==== Supplied information ====
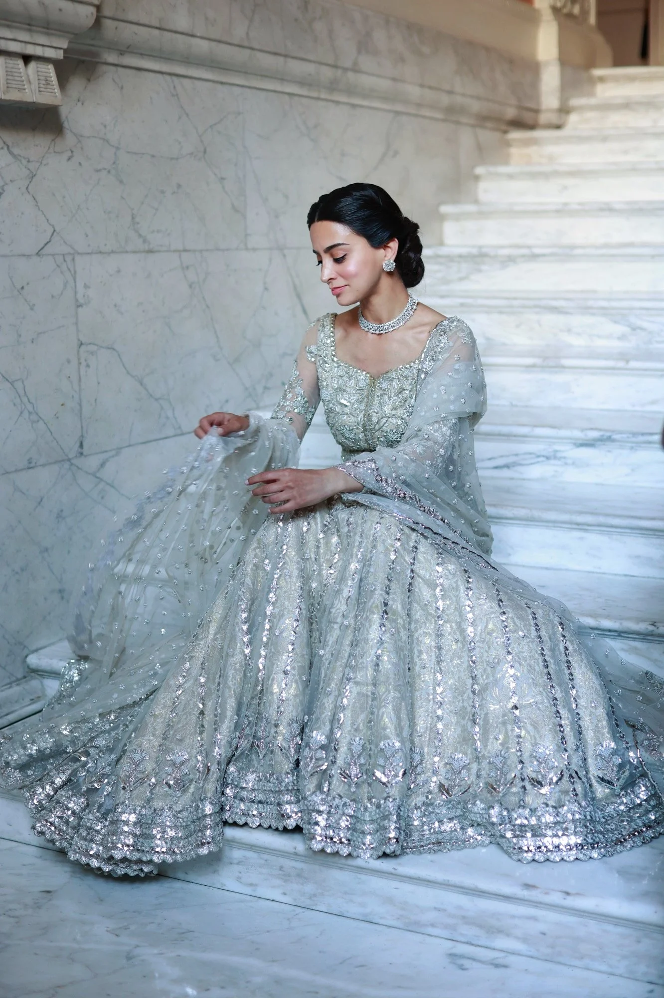 This custom made outfit is one of my favourite pieces. An embellished work of art, this signature ‘lehnga choli’ by Deena Rahman is fully hand embroidered outfit using age-old techniques; ‘gota’, ‘kamdani’, ‘resham’, ‘sitara’ and ‘zardozi’ work combined. Having Deena create a bespoke piece for you is a really special experience. She was wonderful at ensuring the final garment was exactly what I had in mind and that it would fit to perfection. I really wanted some sort of floral embellishment which was incorporated both into the blouse and border of the lehnga.
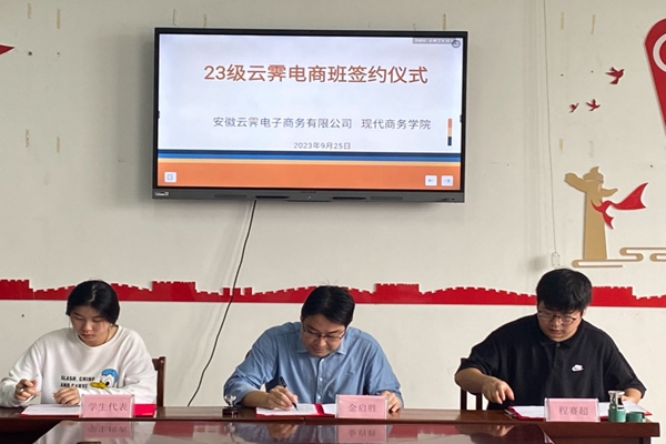 9月25日上午,安慶職業技術學院現代商務學院與安徽云霽電子商務有限公司舉行“23級云霽電商訂單班”簽約儀式。云霽電商公司董事長汪義德、總經理程塞超,現代商務學院黨總支書記、院長金啟勝,副院長余瑰,電子商務專業建設負責人夏金弟及相關輔導員和學生代表等參加簽約儀式。
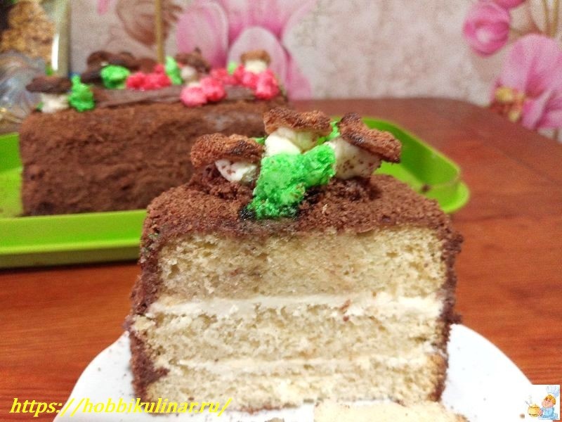 Украшайте по своему усмотрению, но я помню, что часто на таком торте были грибочки и лесная поляна, что-то напоминающее сказку. Возможно, отсюда и загадочное его название «Сказка».
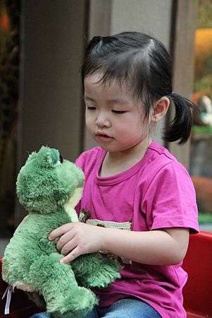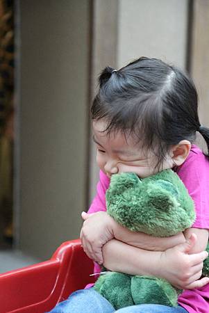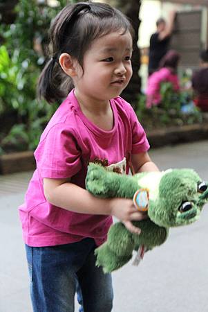 姐姐挑了一個青蛙娃娃 買到之後又親又抱的
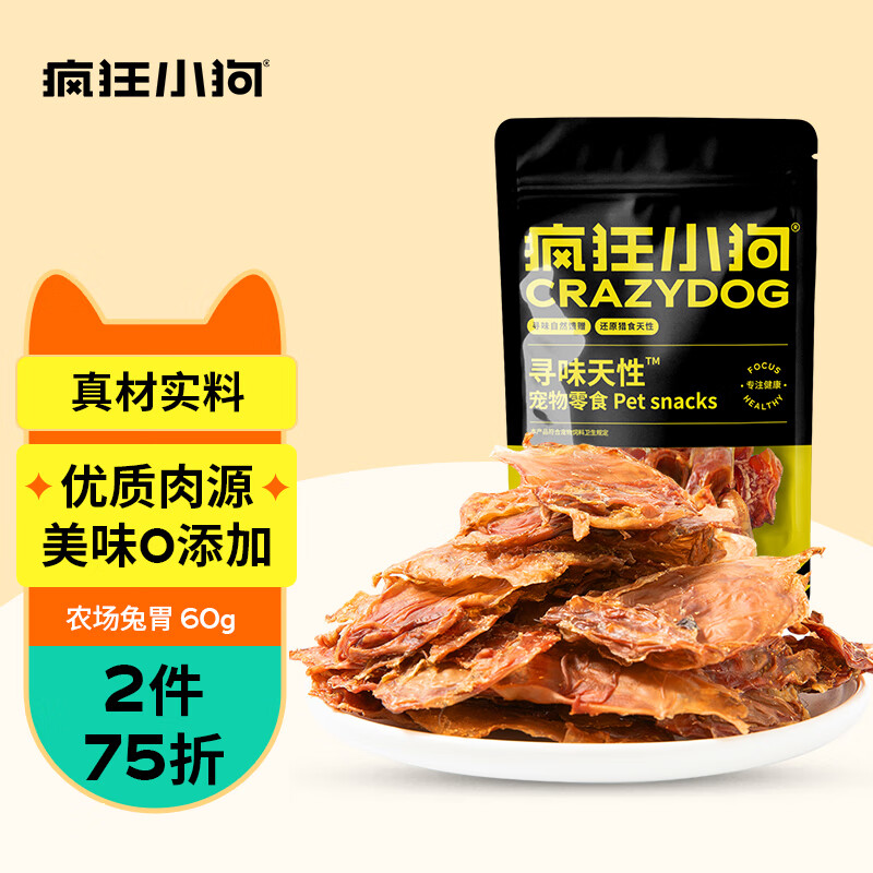 疯狂小狗 狗狗零食肉干幼犬成犬磨牙冻干训犬奖励寻味天性宠物零食 农场兔胃60g
====
Omit the pictures, then output every record exactly as given.

 This custom made outfit is one of my favourite pieces. An embellished work of art, this signature ‘lehnga choli’ by Deena Rahman is fully hand embroidered outfit using age-old techniques; ‘gota’, ‘kamdani’, ‘resham’, ‘sitara’ and ‘zardozi’ work combined. Having Deena create a bespoke piece for you is a really special experience. She was wonderful at ensuring the final garment was exactly what I had in mind and that it would fit to perfection. I really wanted some sort of floral embellishment which was incorporated both into the blouse and border of the lehnga.
 9月25日上午,安慶職業技術學院現代商務學院與安徽云霽電子商務有限公司舉行“23級云霽電商訂單班”簽約儀式。云霽電商公司董事長汪義德、總經理程塞超,現代商務學院黨總支書記、院長金啟勝,副院長余瑰,電子商務專業建設負責人夏金弟及相關輔導員和學生代表等參加簽約儀式。
 Украшайте по своему усмотрению, но я помню, что часто на таком торте были грибочки и лесная поляна, что-то напоминающее сказку. Возможно, отсюда и загадочное его название «Сказка».
 姐姐挑了一個青蛙娃娃 買到之後又親又抱的
 疯狂小狗 狗狗零食肉干幼犬成犬磨牙冻干训犬奖励寻味天性宠物零食 农场兔胃60g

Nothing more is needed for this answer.